Ocurre, por lo demás, que la traducción, por ser en su esencia una apertura radical a la alteridad, es justamente lo contrario del ensimismamiento, de todo aquello que vuelve rígidas y cerradas las tradiciones literarias nacionales. No nos cansamos de repetir el conocido dictum de Ezra Pound según el cual "Una gran época literaria es tal vez siempre una gran época de traducciones"; y más grande será aún, por consiguiente, cuanto más cuidadas, más rigurosas, más exigentes sean las traducciones. Sólo como provocación de dudoso gusto ha de entenderse, pues, la declaración formulada en su día por el británico Philip Larkin de que no había leído en su vida una sola línea de poesía extranjera. Se trata de un hecho que, además de ser culturalmente imposible, revela hasta qué punto ha arraigado la idea de que la poesía es por definición intraducible (la idea, por ejemplo, de que Pushkin sólo tiene sentido en ruso). Desde Pound sabemos precisamente que la "intraducibilidad" de la poesía no excluye su recreación, su reescritura: un nuevo texto con vida propia, y no menos decisivo para la perdurabilidad del "original" que el original mismo. Resulta evidente, además, que el "nacionalismo lingüístico" (por llamarlo así) de Larkin choca con la realidad de la poesía desde el Romanticismo hasta hoy mismo: ningún gran poeta moderno, en efecto, ha permanecido indiferente a la realidad, a la necesidad, a la responsabilidad de la traducción.

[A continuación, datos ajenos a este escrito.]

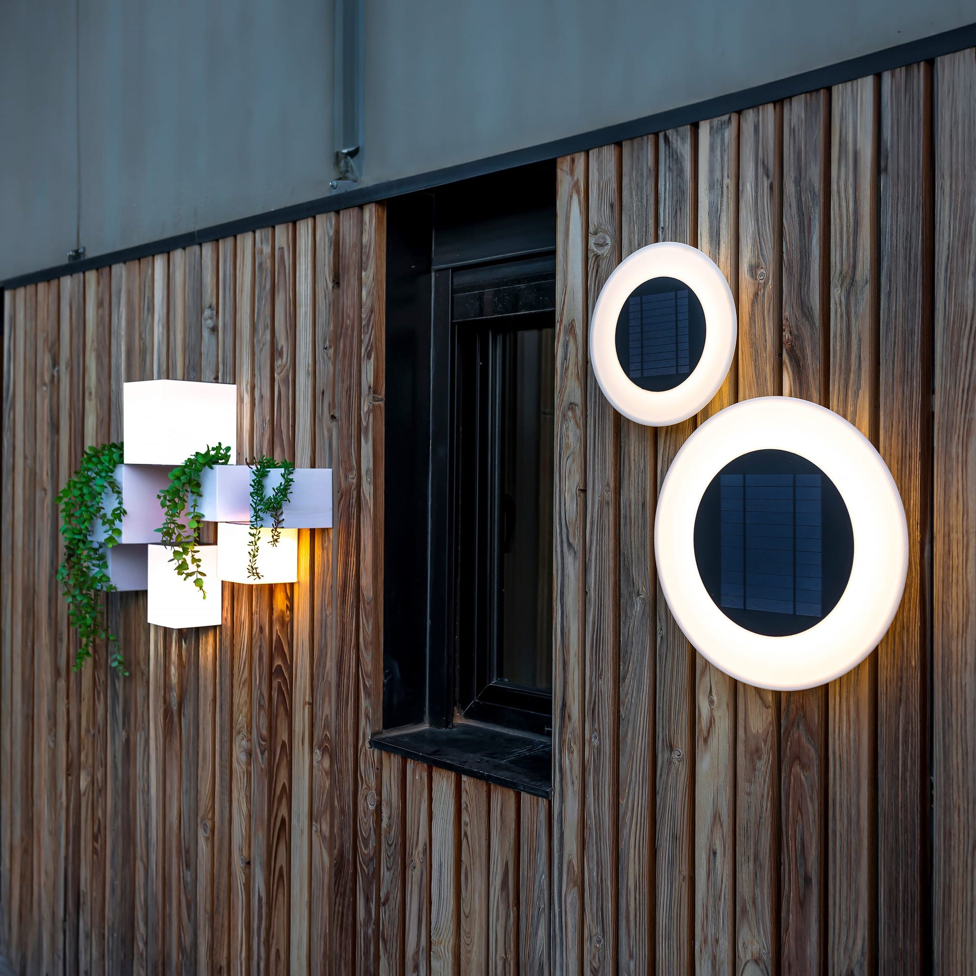 Wally, solar-powered recycled wall light.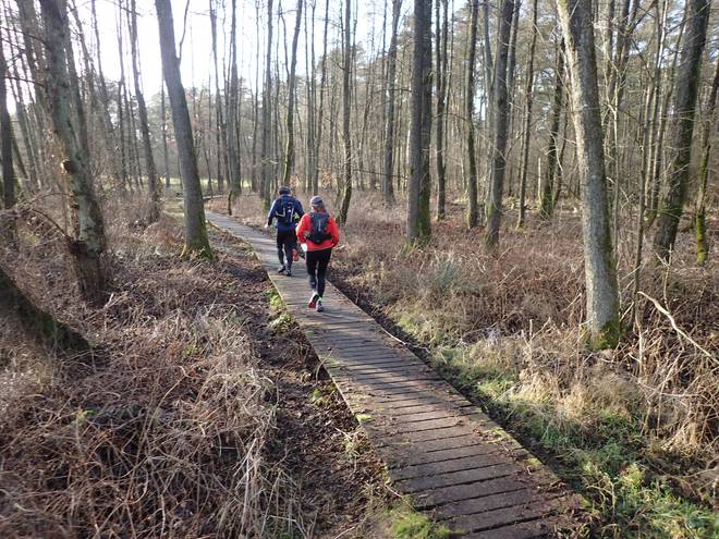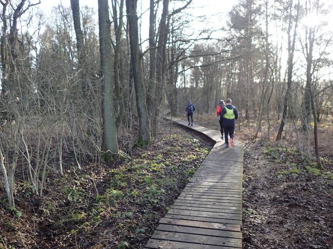 13.38 Uhr / Km 31,0 Teilweise ging es nun auf Bohlenwegen weiter. Immer noch besser als durchs Moor. |

Y esa ha sido, precisamente, otra de las preocupaciones de las que hablábamos al comienzo de estas líneas. El Taller de Traducción Literaria ha sido y es, antes que nada, un taller de lectura, en el sentido casi rabínico de esa palabra. Y no sólo porque traducir es la mejor forma de leer, sino también porque cada palabra, e incluso cada signo de puntuación llegado el caso, son valorados, medidos, interpretados, en la conciencia de que espíritu y letra son inseparables ("El Santo, bendito sea, reside en las letras"). Esa conciencia permite confirmar que en el interior de la poesía moderna la traducción ha desempeñado un papel central en la comunicación y el intercambio de temas, motivos y procesos estéticos. No se entiende hoy, por eso mismo, que un poeta se limite al trabajo en su propia y exclusiva obra. No se entiende al poeta que no traduce, esto es, que no es consciente de su responsabilidad ante la realidad actual de la palabra poética y el sentido de su aventura en el mundo de hoy.

Más allá de las ilusiones del calendario, es esto lo que en este aniversario del Taller de Traducción Literaria deseamos recordar. La traducción, en suma, como ética. Una ética que admite comportamientos muy diferentes, pero todos ellos nacidos de una necesidad y una responsabilidad.